Mit mangelnder Intelligenz hat Dyskalkulie nichts zu tun

Trotzdem ist das Thema ein großes Problem für die Betroffenen. „Wer nicht rechnen kann, ist dumm“, so lautet das Vorurteil. Für die Betroffenen ist das ein Stigma. Durch die ungläubigen Blicke der Mitschüler, wenn die Betroffenen eine einfache Aufgabe nicht lösen können, durch das Kichern, wenn sie Fantasiezahlen nennen, und durch die ständigen Ermahnungen von Lehrern und Eltern, sich mehr anzustrengen. Das hinterlässt Spuren in der Psyche. „Viele trauen sich selbst nichts mehr zu“.

Dyskalkulie in der Schule – oft kein Nachteilsausgleich

Kinder mit der Diagnose Legasthenie erhalten einen sogenannten Nachteilsausgleich in der Schule, so wird die Rechtschreibung oftmals nicht benotet. Auf derartige Erleichterungen haben Kinder mit Dyskalkulie bisher kein Recht. In einigen Bundesländern gibt es immerhin Verordnungen oder Erlässe dazu, allerdings müssen die Schulen zustimmen, ob und wie den Kindern geholfen wird.
In der Lehrerausbildung, aber auch in der Schulpolitik, findet die Rechenschwäche bisher kaum Beachtung.  Dabei lässt sich eine  schon am Ende der ersten Klasse stellen. Das ist auch ratsam, denn je früher ein Kind speziell gefördert wird, desto weniger Schulstoff muss es nachholen.

Wie wird die Diagnose gestellt?

Die Diagnosestellung einer Dyskalkulie erfolgt über einen in der neuropsychologischen Testung erfahrenen Arzt, Psychologen oder Pädagogen. Zunächst wird die Grundintelligenz des Kindes bestimmt, unabhängig von seinen Rechenfertigkeiten, dann wird isoliert seine Rechenfertigkeit mit speziellen Testuntersuchungen in Relation zu seiner Grundintelligenz gesetzt. Ist das Kind also mindestens durchschnittlich begabt und liegt seine Rechenfertigkeit unterhalb eines bestimmten Bereiches (Prozentrang <15) erheblich im unterdurchschnittlichen Bereich, ist die Diagnose Dyskalkulie zu stellen.

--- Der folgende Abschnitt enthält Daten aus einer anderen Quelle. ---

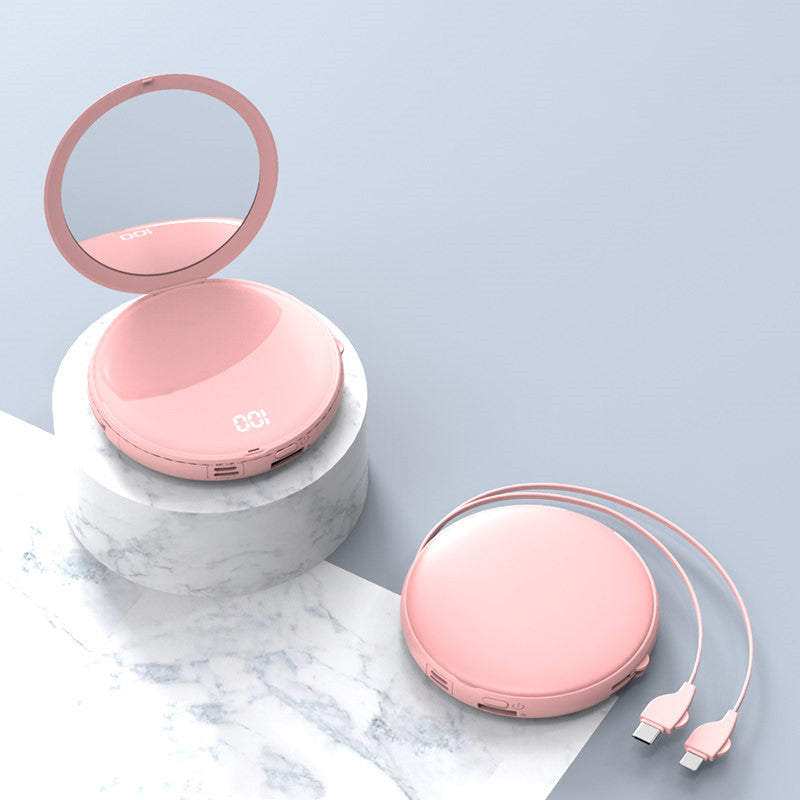 Dieses Set aus einem Make-up-Spiegel und einer Powerbank bietet eine praktische Lösung, ideal für Reisen und einfache Aufbewahrung.
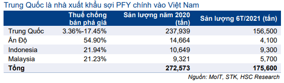 Theo Bộ Công Thương, sản lượng nhập khẩu sợi PFY từ Trung Quốc, Ấn Độ, Indonesia và Malaysia đã tăng lên 300.000 tấn trong năm 2019 từ 189.262 tấn trong năm 2017. Theo đó nhập khẩu từ các nước này tương đương với 55% nhu cầu sợi PFY trong nước năm 2019 theo ước tính của chúng tôi. Trong 6 tháng đầu năm 2021, sản lượng nhập khẩu từ các nước này là 175.600 tấn, chiếm 68% sản lượng sợi PFY nhập khẩu vào Việt Nam ở mức 258.000 tấn, tăng 37% so với cùng kỳ.

Dyskalkulie in Griff bekommen

Die Behandlung von Dyskalkulie wird in der Regel von dafür ausgebildeten „Lerntherapeuten“ bzw. Personen mit „lerntherapeutische Ausbildung“ übernommen. Eine reine Mathematik-Nachhilfe ist unzureichend, genau wie das Schreiben ständiger Diktate auch keine Legasthenie verbessert sondern spezielle Kenntnisse in der Behandlung zur Anwendung kommen.

Wer zahlt die Therapie?

Lerntherapien bei Dyskalkulie müssen Eltern meist selbst zahlen, von den Krankenkassen gibt es keine Unterstützung. Nur wenn das Kind aufgrund der Störung bereits psychisch auffällig ist, kann eine Finanzierung durch das Jugendamt mithilfe des §35a des SGB VIII beantragt werden.